Without question, flowering trees add unmistakable beauty to any course. However, due to their tender bark and dwarf stature, they are extremely sensitive to mower damage. This sensitive nature makes most flowering trees poor candidates for use on a golf course unless they can be carefully protected. Augusta National is a good example. The beautiful flowering dogwoods and azaleas have been planted underneath large pines where there is never an occasion to operate heavy mowing equipment.

Guideline No. 6

Try to avoid screening out scenic vistas. Scenic vistas include the clubhouse, ocean or mountain views, lakes or other open areas of the course. Once a scenic vista has been lost, it is usually forgotten and consequently may be lost forever.

Guideline No. 7

It is often best to avoid using a standardized tree planting as yardage indicators. Problems arise in the future when one of the plantings is lost or damaged.

For example, if palm trees are used on each hole to indicate a distance of 150 yards, it will be impossible to replace a dying palm with one of matching size. In addition, a tree planted to the edge of a fairway can severely penalize a golfer.

A better means of indication yardage may be to mark large, landmark trees already present throughout the course with small wooden or metal plaques. The advantage of marking landmark trees is that they blend in with the course surroundings, they are already present throughout the course, and because of their size, they can be seen by golfers that stray into adjacent fairways.

Guideline No. 8

When selecting trees, choose species that match the existing vegetation and have favorable characteristics. Cottonwoods and large fruit trees are not good candidates for golf courses because they are strong surface rooters or require continuous maintenance.

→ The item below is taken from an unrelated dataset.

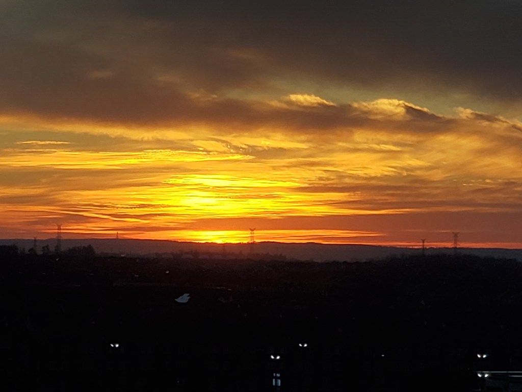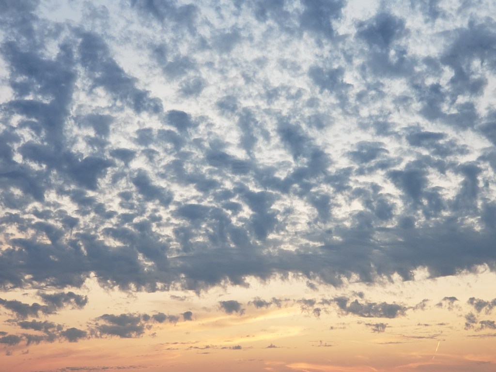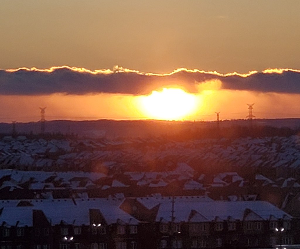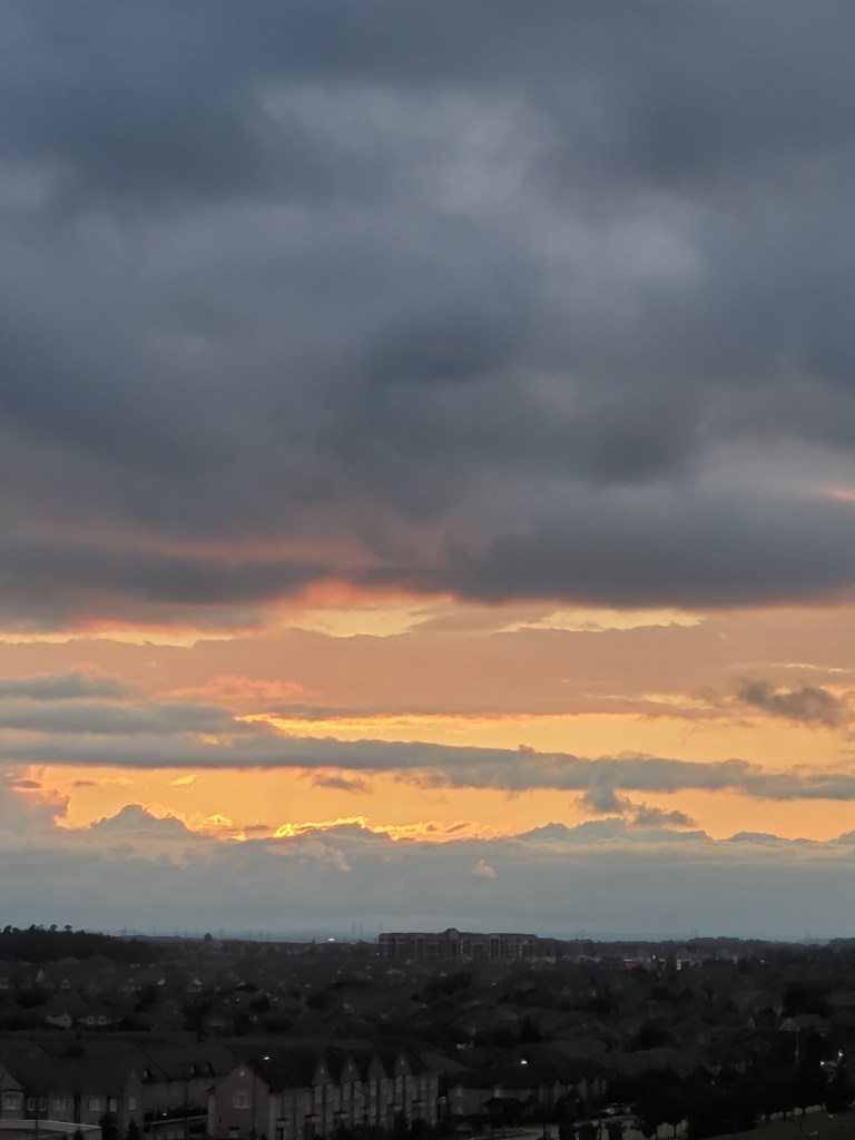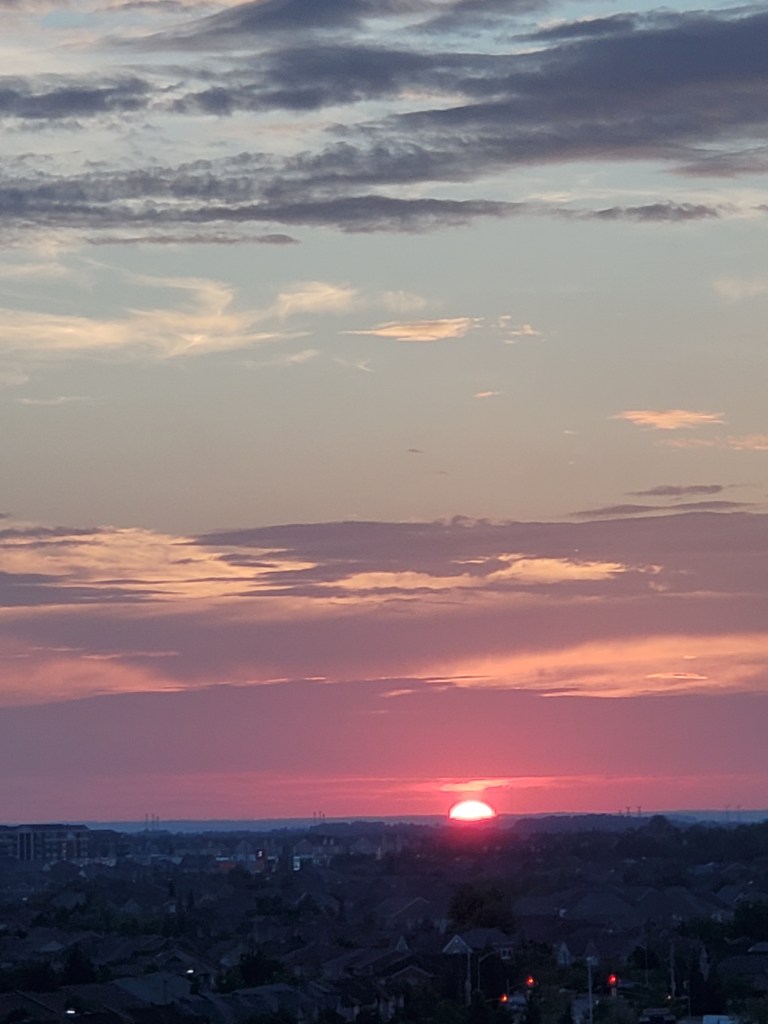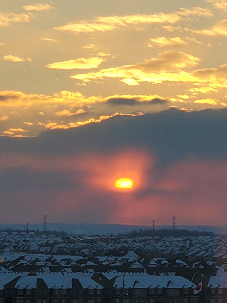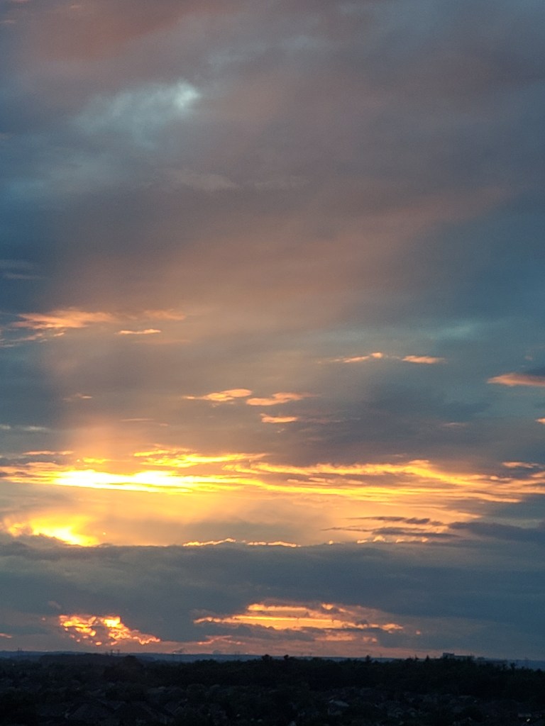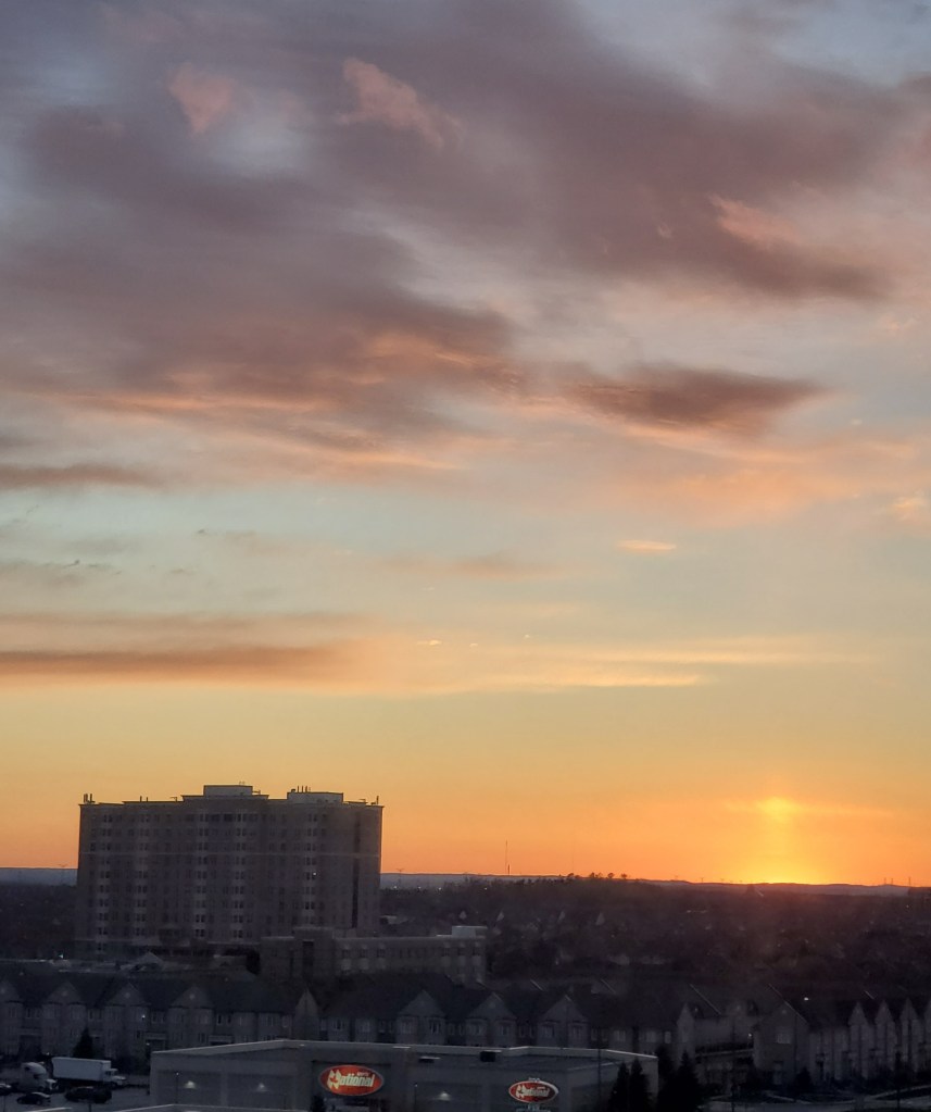 This morning, sunrise shared its golden-red light with clouds diffused gentle white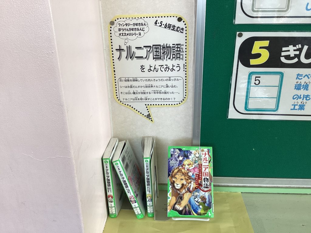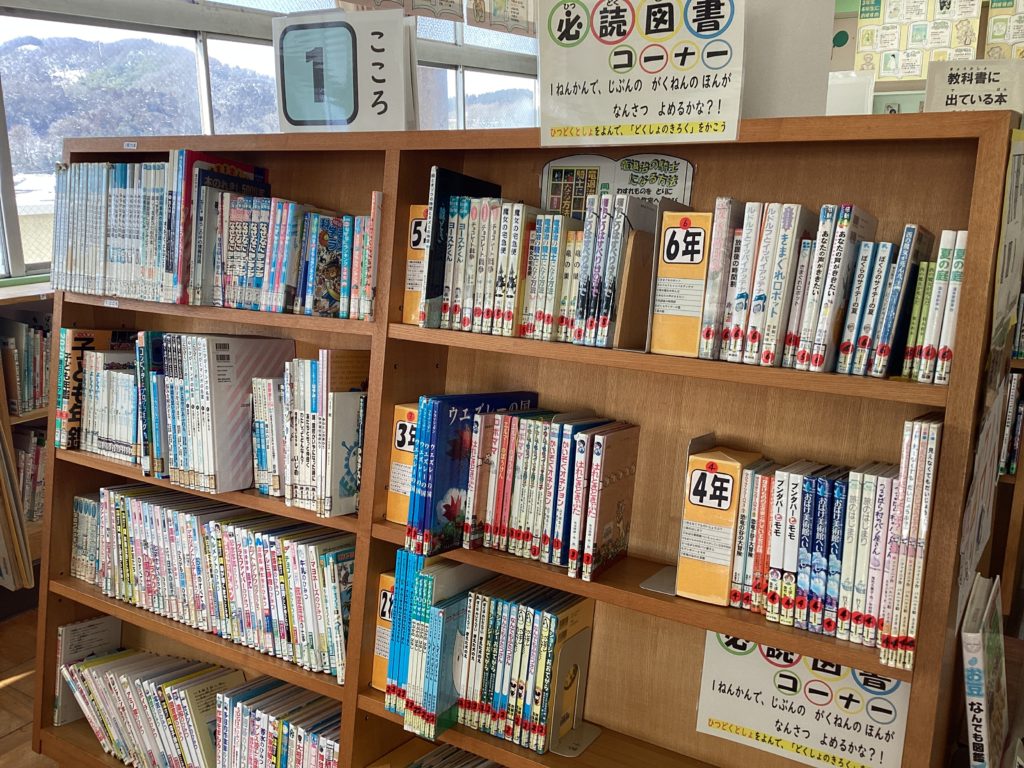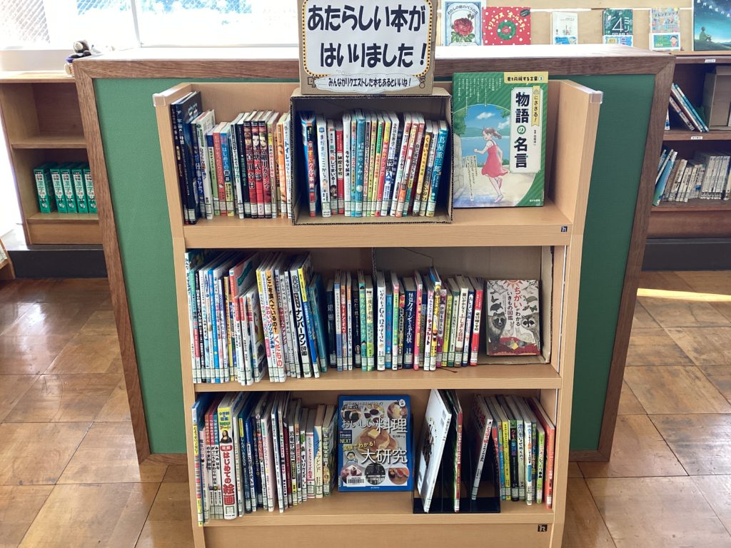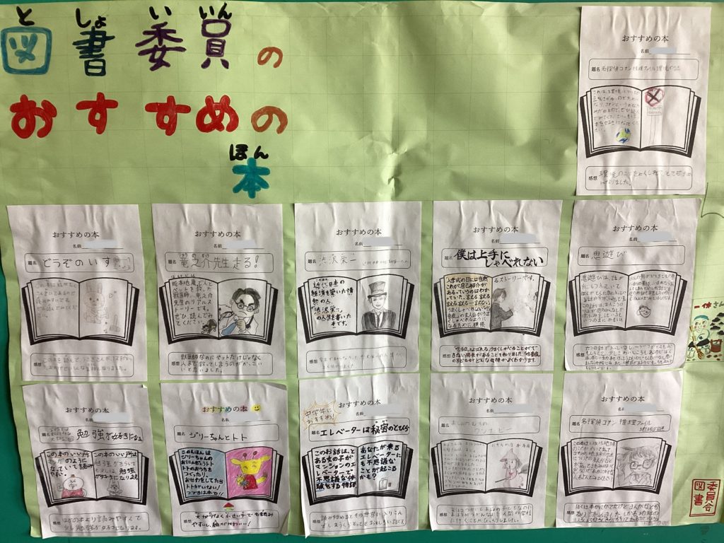 写真のように、図書委員会が「おすすめの本」を掲示してくれたり、給食の放送で、読み聞かせをしたりしてくれました。また、図書委員会の子どもたちは「寄贈していただく本を、全学年に希望をとって決めたい」という思いをもち、今、入ってきている本は、リクエストされた本がほとんどです。そのおかげで、次々と新しい本が借りられていきます。また、麻生津小学校の先生方も、国語の時間に、本に親しむことにつながる授業をしてくださっています。

In addition, try to limit the number of different species as much as possible. A continuous vegetation scheme is often the trademark of many of America’s highest ranked courses. An example is Oak Hill Country Club in Rochester, New York. This particular course has a continuous theme of oak trees from the first tee through the 18th green. Courses that tend to plant a potpourri of tree species are usually unflatteringly referred to as tree zoos or specimen parks.

Guideline No. 9

Try to naturalize the appearance of large tree plantings by randomizing the distance between each tree. A good way to develop a randomized tree planting would be to hit several dozen golf balls into a rough area from a distance of 200 yards. Then place a small flag where each ball has landed and selectively remove one flag at a time until there are an appropriate number left.

Guideline No. 10

To prevent unnecessary neglect of newly planted trees, never plant more than the maintenance staff can adequately maintain. During the first year of establishment, small trees require extra attention and frequent hand watering during the summer. If you must purchase trees in large numbers due to cost, it might be easier to establish a tree nursery near the maintenance facility where they can be easily cared for. Then, over the next several years, spread them over the course.


Remember that a good tree planting program on any course starts with a long range plan. What makes a golf course different from a park or your front yard is the presence of sensitive putting greens and the integrity of the game.

The agronomic impact of misplaced trees is commonly seen in the form of shade, root competition and poor air circulation. Thoughtful tree planting should not only improve the appearance and playability of your course, but more importantly remove those thorns from your superintendent’s side.